Zapamiętaj mój wybór i zastosuj na pozostałych stronach

Biała rasa ginie w oczach, dni rasy policzone…

bialyidumny • 2014-01-05, 17:19
przeglądając artykuł o tym dlaczego gender jest dobre, spontanicznie mnie naszło żeby wygooglować "zagłada rasy białej" , wyskoczył mi mega ciekawy artykuł pt. "Biała rasa ginie w oczach, dni rasy policzone…" sam artykuł sprzed teraz już 4 lat, ale powinniście się z nim zapoznać.
artykuł z kontrowersje[dot]net


Kod:
A na Onecie napisali, że zginie biały człowiek europejski. Rychło wczas. Jeśli maiłbym stawiać na to kto pierwszy odpadnie w żmudnym procesie ewolucji, w ciemno obstawiam białą rasę europejską, najsłabsze ogniwko. Nie ma najmniejszych optymistycznych przesłanek, aby rasa niedawnych panów, nie skończyła marnie, pierwej jako prześladowana mniejszość, w ostateczności jak mamuty. Gatunek, czy to ludzki, czy zwierzęcy, czy nawet roślinny, który nastawiony jest na progresję, posiada jedną podstawową cechę determinującą działania gatunku. Cecha nazywa się egoizm, bez żadnych dodatków.

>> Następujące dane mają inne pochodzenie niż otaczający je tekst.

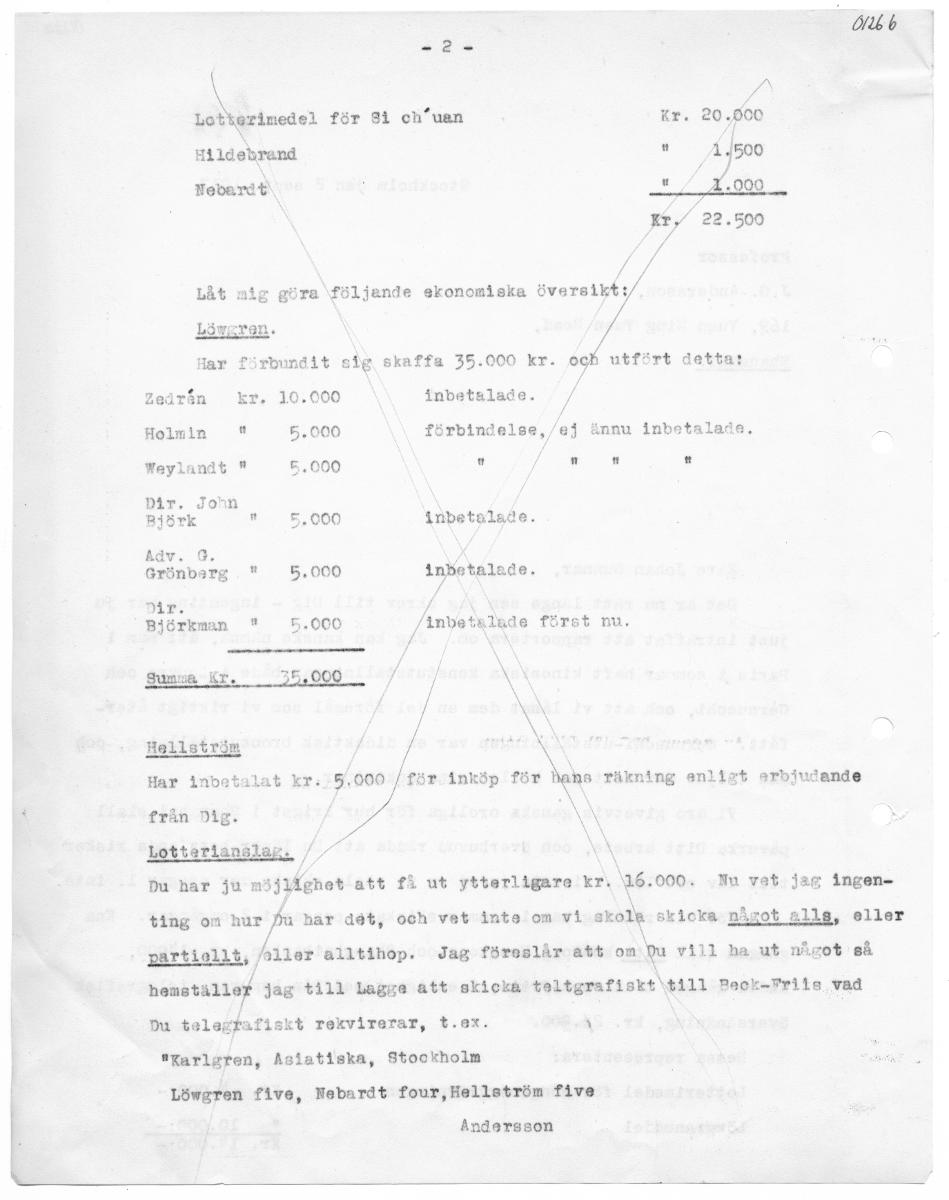 • Ola -2- Lottarimedel för 81 cÉ”van Er. 20.000 Hildebrand "2.800 ——] AA Kr. 22.500 Låt mig göra följande ekonomiska övorslkt: Lövgren. Har förbundit sig skaffa 35.000 kr. och utfört detta: 2earån kr. 1... Visa hela
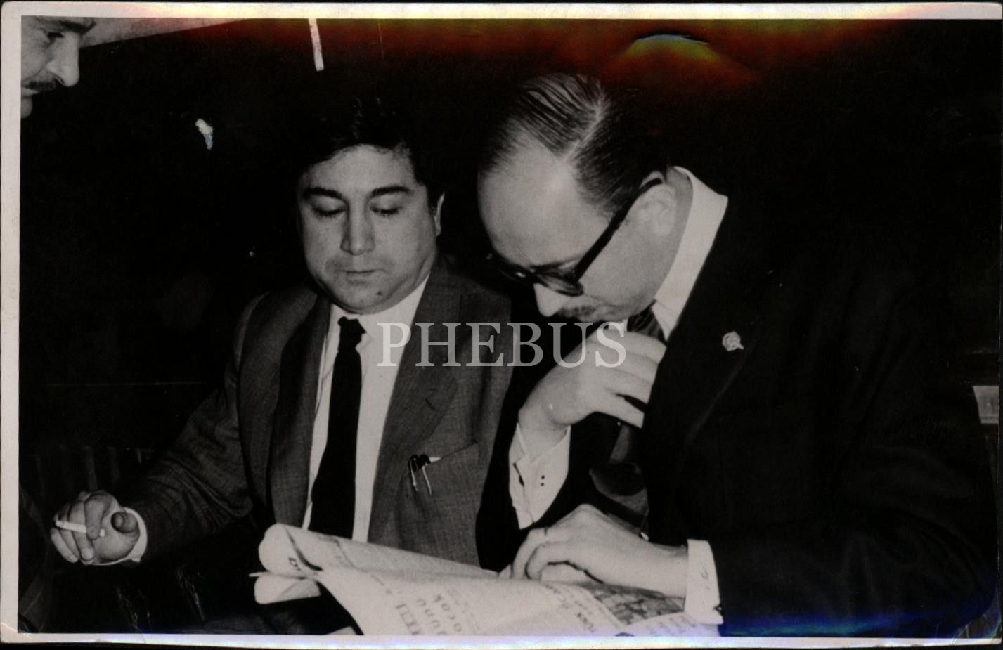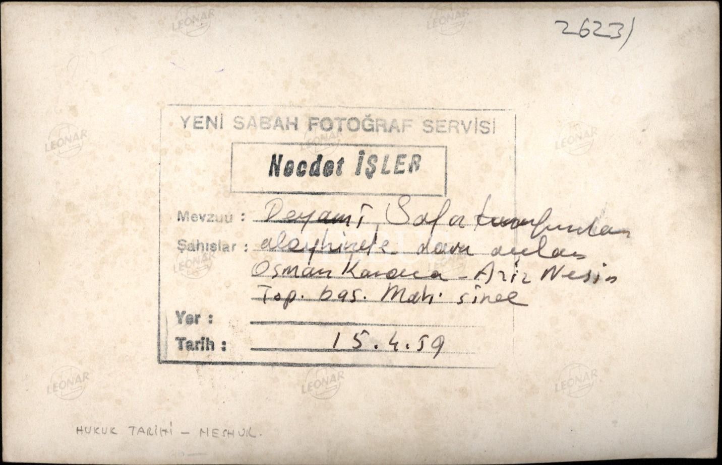 Türk mizah edebiyatının en yaratıcı, en çalışkan, en üretken kalemi, uluslararası yazarımız Aziz Nesin´le (1915 - 1995) yine Türk edebiyatının en çalışkan, en verimli yazarlarından Peyami Safa (1899 - 1961), 1959 yılında sert bir kalem kavgasına giriştiler. Fotoğraf, bu kavga neticesinde Peyami Safa tarafından mahkemeye verilen Aziz Nesin´in, ONK Ajansı kurucusu, gazeteci Osman Necmi Karaca ile davaya konu olan yazıları incelerken çekilmiş.

Nie istnieje w przyrodzie coś takiego jak altruizm, albo pożerasz, albo zostaniesz pożarty i to wie każdy żuczek, niestety nie biały człowiek. Biały człowiek znudzony swoimi niewątpliwymi i niepodważalnymi osiągnięciami, doszedł do groteskowych i absurdalnych wniosków, mianowicie jako gatunek wybitny postanowił pomagać gatunkom słabszym. Proces ewolucji widząc takie karygodne zachowania ma tylko jedną informację dla frajerskiego białego człowieka. Giń! Przyroda nie jest od tego, żeby było sprawiedliwie, przyroda jest od tego, żeby było coraz lepiej. Niestety biała rasa panów w niemałej liczbie postradała zmysły i zaczęła poprawiać przyrodę. To czym żyje współczesna kultura europejska jest całkowitym zaprzeczeniem tego, na czym kultura europejska została zbudowana. Potęga Europy powstała na wyzysku, podbijaniu, wyniszczaniu i w najlepszym razie zniewalaniu ras i kultur poślednich. Prostymi regułami zbudowano wielkość Europy, europejską religią, europejskim wywyższaniem rasy panów, czy jak kto woli gatunku panów, europejską bezwzględnością dla wszystkiego co pogańskie, czarne, żółte, czy czerwone, które robiło za niewolników.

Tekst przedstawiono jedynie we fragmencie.